== Data listing ==

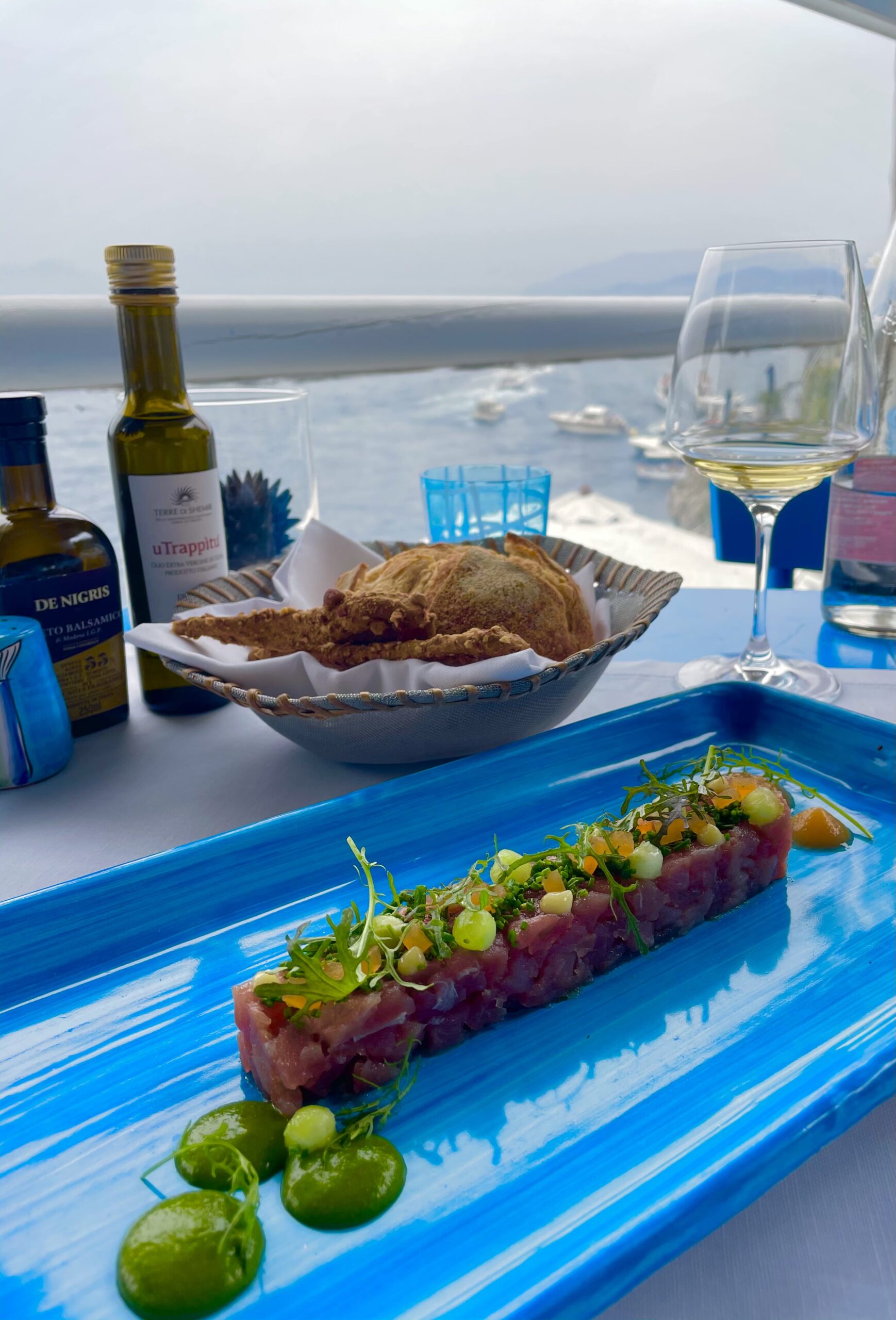 Mi piace molto variare – spiega il Sommelier Pasquale Sommella- a seconda del tipo di vino desiderato dal cliente cerco di abbinare una scelta a pennello per le varie portate, ad esempio spesso mi piace abbinare anche un rosso fresco, tipo un “Frappato Siciliano” su una portata di pesce come la tartara di tonno.
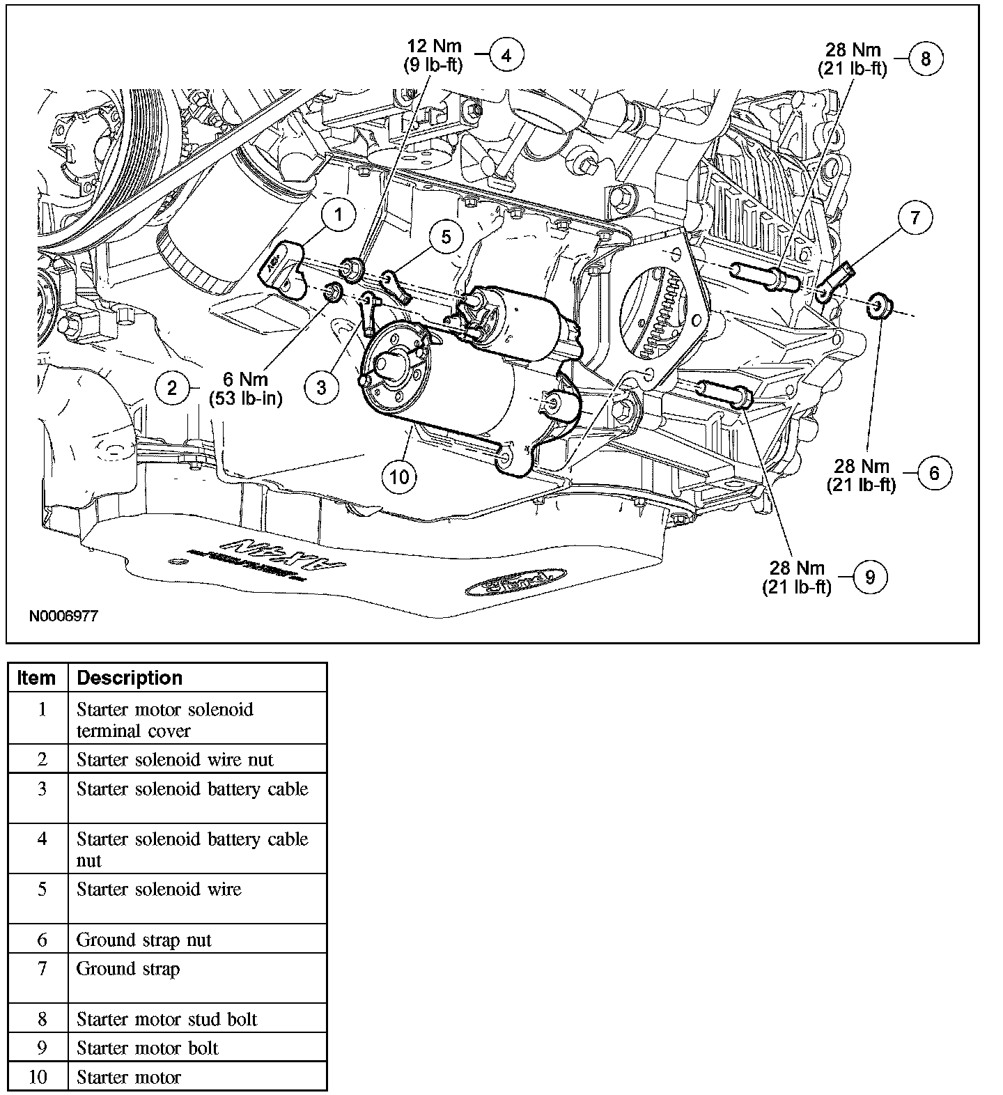 - When installing the starter motor bolts, first install the bolts hand tight, then tighten the upper stud bolt to 28 Nm (21 lb-ft), followed by the lower bolt to 28 Nm (21 lb-ft).
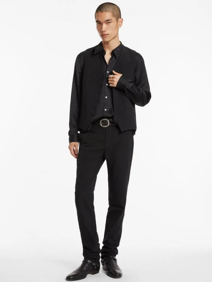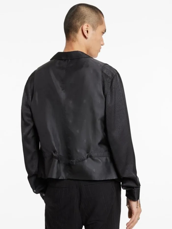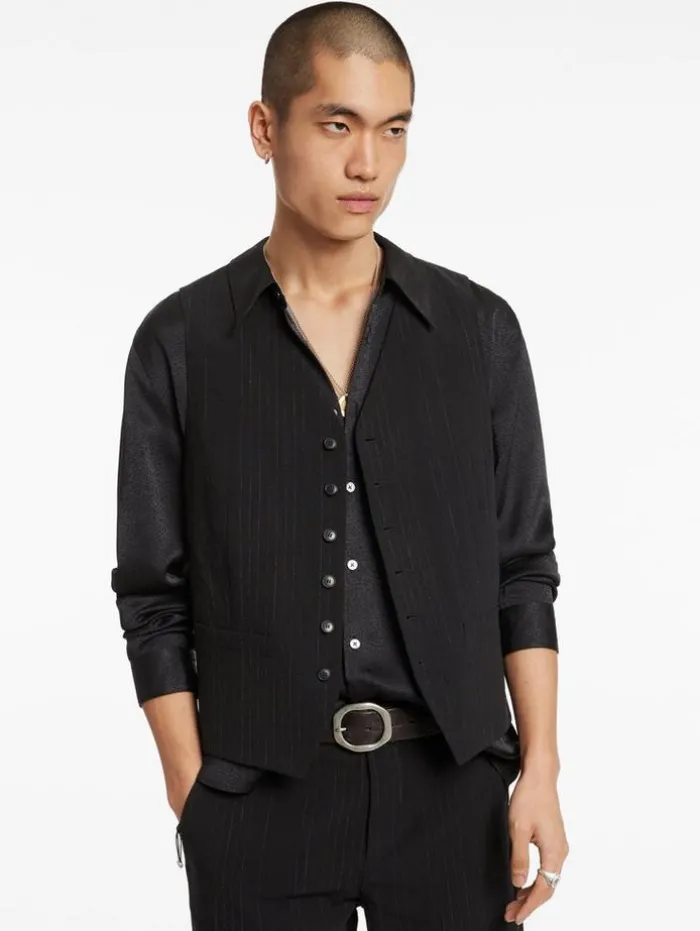Exemplifying JV’s sartorial mastery, the Wooster Vest offers a seamless blend of tradition and contemporary finesse. This collarless design, a classic JV Wooster, is accentuated with front body darts and welt hip pockets, reflecting meticulous tailoring. It’s crafted from Italian fabric adorned with a sophisticated pin stripe pattern, adding an element of refined elegance. The absence of a collar lends a modern touch to its silhouette, making the vest versatile for various styling options. Whether paired with complementary suiting for a cohesive ensemble or worn over a tailored shirt as a stand-alone statement piece, the Wooster Vest is a testament to timeless style and impeccable craftsmanship. 77% Cotton, 21% Linen, 2% Virgin WoolLining: 100% CuproDry Clean OnlyMulti-Button FrontFront Body DartsWelt Hip PocketsItalian Pin-Stripe Pattern FabricMade In ItalyMeasurements: Front Body Length: 25.625”, Center Back Body Length: 23.5”, Across Shoulder: 14.5”, Chest: 20.5”
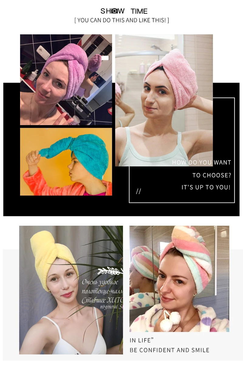 Super water-absorbent, fast-drying, time saver, drying your hair 100% naturally Microfiber Hair Tower! Electric hair blower no longer needed! Reduces the risk of split ends.
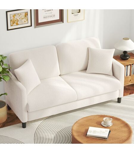 KEEPBUYING Canapé 2 Places en Velours Teddy,Canapé Droit Confort en Bois Massif,Loveseat avec Accoudoirs,165 x 78 x 89cm,Beige
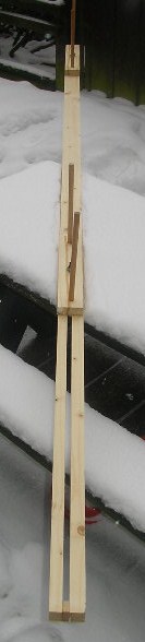 Grund dafür war, daß sich sowohl die Dachlatte als auch die Holzstäbe beim Auflegen des Dacron leicht gebogen hatten (Die Stränge sollten ja nicht durchhängen und schön parallel liegen). Nachgemessen hatte ich natürlich nicht mehr.
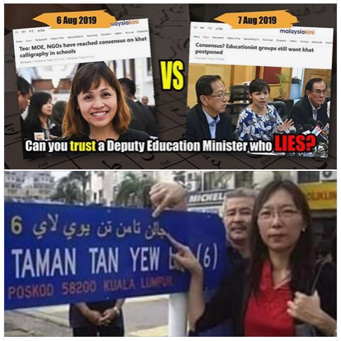 Hari ini pula, Menteri kasut hitam dalam sidang media menyatakan ‘’PENGENALAN TULISAN KHAT INI DILAKSANAKAN SECARA PILIHAN DENGAN GURU DIBERIKAN KUASA UNTUK MEMBUAT KEPUTUSAN MENGENAI KAEDAH PELAKSANAANNYA DI BILIK DARJAH MASING-MASING’’. Ini bermakna guru perlu mengajar tulisan khat dengan menggunakan pendekatan masing-masing. Manakala Timbalan Menteri pula dalam FB beliau memesongkan ayat tersebut dengan berkata PENGAJARAN SENI TULISAN KHAT DILAKSANAKAN SECARA PILIHAN dan guru boleh memilih samada mahu mengajar atau tidak. Ini satu lagi bukti hipokrit pemimpin PH yang bermuka-muka dan memberi definisi berbeda untuk masyarakat berlainan kaum.

===

The entries above are to be reproduced exactly, with the pictures dropped.

 Mi piace molto variare – spiega il Sommelier Pasquale Sommella- a seconda del tipo di vino desiderato dal cliente cerco di abbinare una scelta a pennello per le varie portate, ad esempio spesso mi piace abbinare anche un rosso fresco, tipo un “Frappato Siciliano” su una portata di pesce come la tartara di tonno.
 - When installing the starter motor bolts, first install the bolts hand tight, then tighten the upper stud bolt to 28 Nm (21 lb-ft), followed by the lower bolt to 28 Nm (21 lb-ft).
Exemplifying JV’s sartorial mastery, the Wooster Vest offers a seamless blend of tradition and contemporary finesse. This collarless design, a classic JV Wooster, is accentuated with front body darts and welt hip pockets, reflecting meticulous tailoring. It’s crafted from Italian fabric adorned with a sophisticated pin stripe pattern, adding an element of refined elegance. The absence of a collar lends a modern touch to its silhouette, making the vest versatile for various styling options. Whether paired with complementary suiting for a cohesive ensemble or worn over a tailored shirt as a stand-alone statement piece, the Wooster Vest is a testament to timeless style and impeccable craftsmanship. 77% Cotton, 21% Linen, 2% Virgin WoolLining: 100% CuproDry Clean OnlyMulti-Button FrontFront Body DartsWelt Hip PocketsItalian Pin-Stripe Pattern FabricMade In ItalyMeasurements: Front Body Length: 25.625”, Center Back Body Length: 23.5”, Across Shoulder: 14.5”, Chest: 20.5”
 Super water-absorbent, fast-drying, time saver, drying your hair 100% naturally Microfiber Hair Tower! Electric hair blower no longer needed! Reduces the risk of split ends.
 KEEPBUYING Canapé 2 Places en Velours Teddy,Canapé Droit Confort en Bois Massif,Loveseat avec Accoudoirs,165 x 78 x 89cm,Beige
 Grund dafür war, daß sich sowohl die Dachlatte als auch die Holzstäbe beim Auflegen des Dacron leicht gebogen hatten (Die Stränge sollten ja nicht durchhängen und schön parallel liegen). Nachgemessen hatte ich natürlich nicht mehr.
 Hari ini pula, Menteri kasut hitam dalam sidang media menyatakan ‘’PENGENALAN TULISAN KHAT INI DILAKSANAKAN SECARA PILIHAN DENGAN GURU DIBERIKAN KUASA UNTUK MEMBUAT KEPUTUSAN MENGENAI KAEDAH PELAKSANAANNYA DI BILIK DARJAH MASING-MASING’’. Ini bermakna guru perlu mengajar tulisan khat dengan menggunakan pendekatan masing-masing. Manakala Timbalan Menteri pula dalam FB beliau memesongkan ayat tersebut dengan berkata PENGAJARAN SENI TULISAN KHAT DILAKSANAKAN SECARA PILIHAN dan guru boleh memilih samada mahu mengajar atau tidak. Ini satu lagi bukti hipokrit pemimpin PH yang bermuka-muka dan memberi definisi berbeda untuk masyarakat berlainan kaum.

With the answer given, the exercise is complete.